Below, you can find a description of the main outputs and statistics.

Mapping statistics

  • Cov (%): horizontal coverage (i.e., percentage of the reference sequence covered)

  • Depth: mean depth of coverage throughout the whole genome

  • DepthC: mean depth of coverage exclusively in the covered regions

  • Mapped reads: number of mapped reads

  • start prop (%): number of mapped mapped reads divided by the number of input reads (after QC)

  • mapped_prop (%): number of mapped reads divided by the number of reads used for mapping (i.e., reads retained after the “Virus enrichment” and/or “host depletion steps)

  • Gaps: number of regions below the minimum coverage threshold (see note below)

  • Windows Covered: proportion of windows with mapped reads. Reference sequences are split into windows (x), with window size and number (x) being a function of sequence length, from a minimum of 3 up to a maximum of 10. Window number (x) is calculated as the equal division of sequence length by 2000 (without remainder), i.e., sequences <8KB and >20KB result in 3 and 10 windows, respectively.
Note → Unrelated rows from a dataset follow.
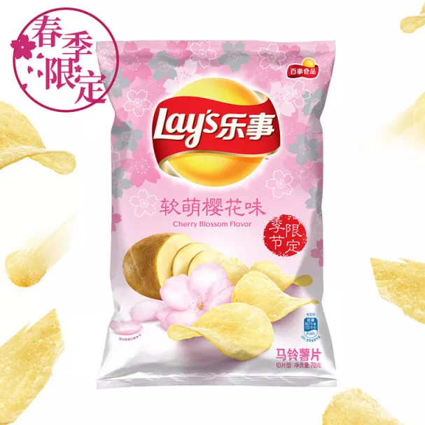 国产乐事竟然也很懂行情的出了樱花味薯片,软萌的包装让探索君忍不住立马下单买了两包!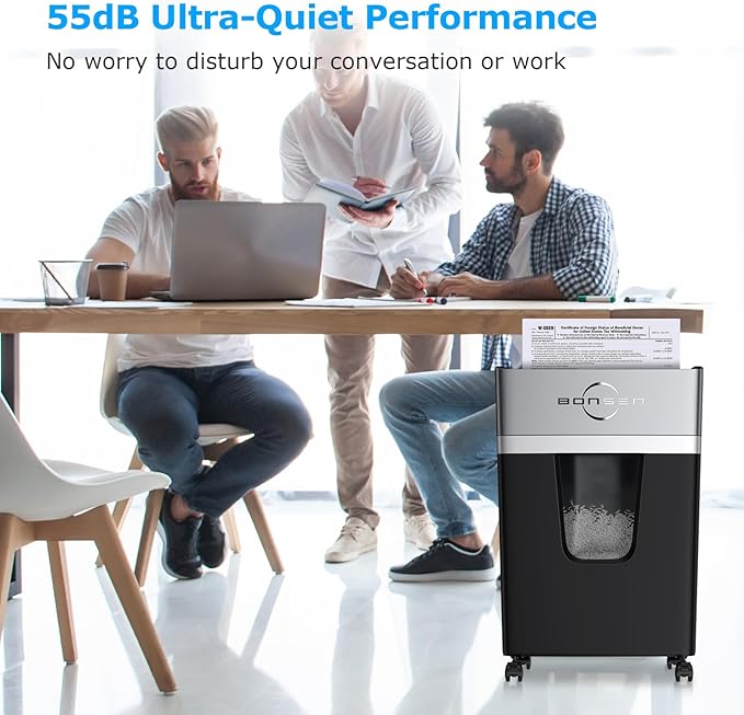 BONSEN 12-Sheet Micro Cut Paper Shredder for Home Office Use, High Security Level P-4/55 dB Ultra-Quiet / 40-Minutes Shredding Shreds Credit Card/Staples, 5.3 Gallons Pullout Bin (S3106)
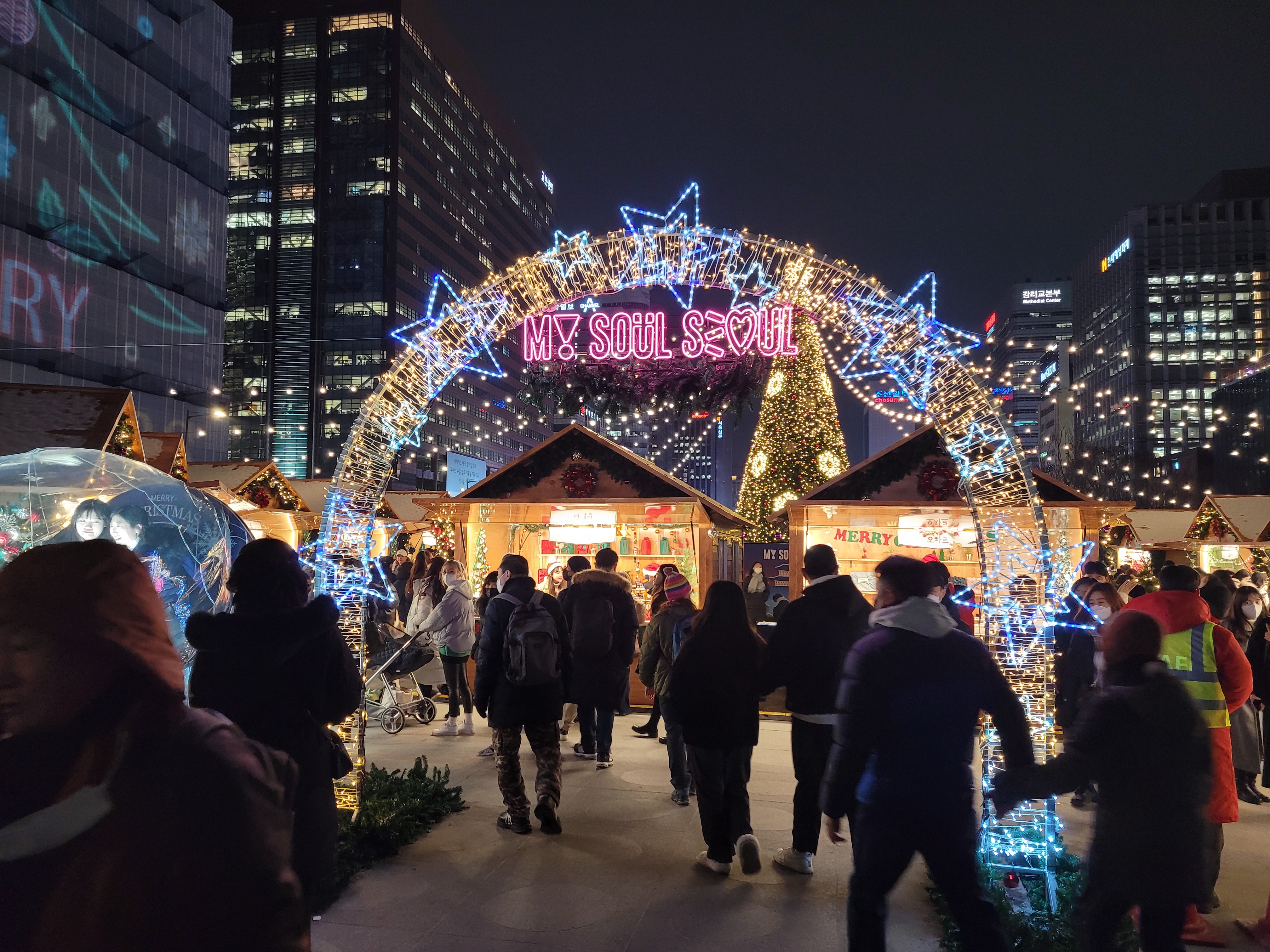 광화문광장 안에는 크리스마스 마켓도 열렸는데 사람들로 인산인해를 이루었네요.

  • class. success: indication of whether the TAXID was selected for mapping after reads and/or contigs classification

  • mapping success: indication of whether reads/and contigs successfully mapped against the TAXID representative references sequence

  • Warnings:

Flag-type “viruses” (oriented to shotgun metagenomics) (default)

  • “Likely False Positive”: when most reads map to a very small region of the reference sequence, i.e., hits with high “DepthC” but low “Depth” and low “Cov (%)”. Flagged for hits with DepthC / Depth > 10 and Cov (%) < 5%.

  • “Vestigial Mapping”: when only a vestigial amount of reads (<= 2) mapped.

Flag-type “probes” (oriented to probe-based NGS target panels)

  • “Likely False Positive”: when the reference genome is not sufficiently covered as a function of the number of the proportion of Windows Covered, calculated as above. Flagged for hits with Windows Covered <= 50 % (calculated from the fraction presented)

  • “Vestigial Mapping”: when only a vestigial amount of reads (<= 2) mapped.

Note

  • Cov is considered only above a minimum Depth threshold. By default, this threshold is set to 1 for ONT data, and to 2 for Illumina data.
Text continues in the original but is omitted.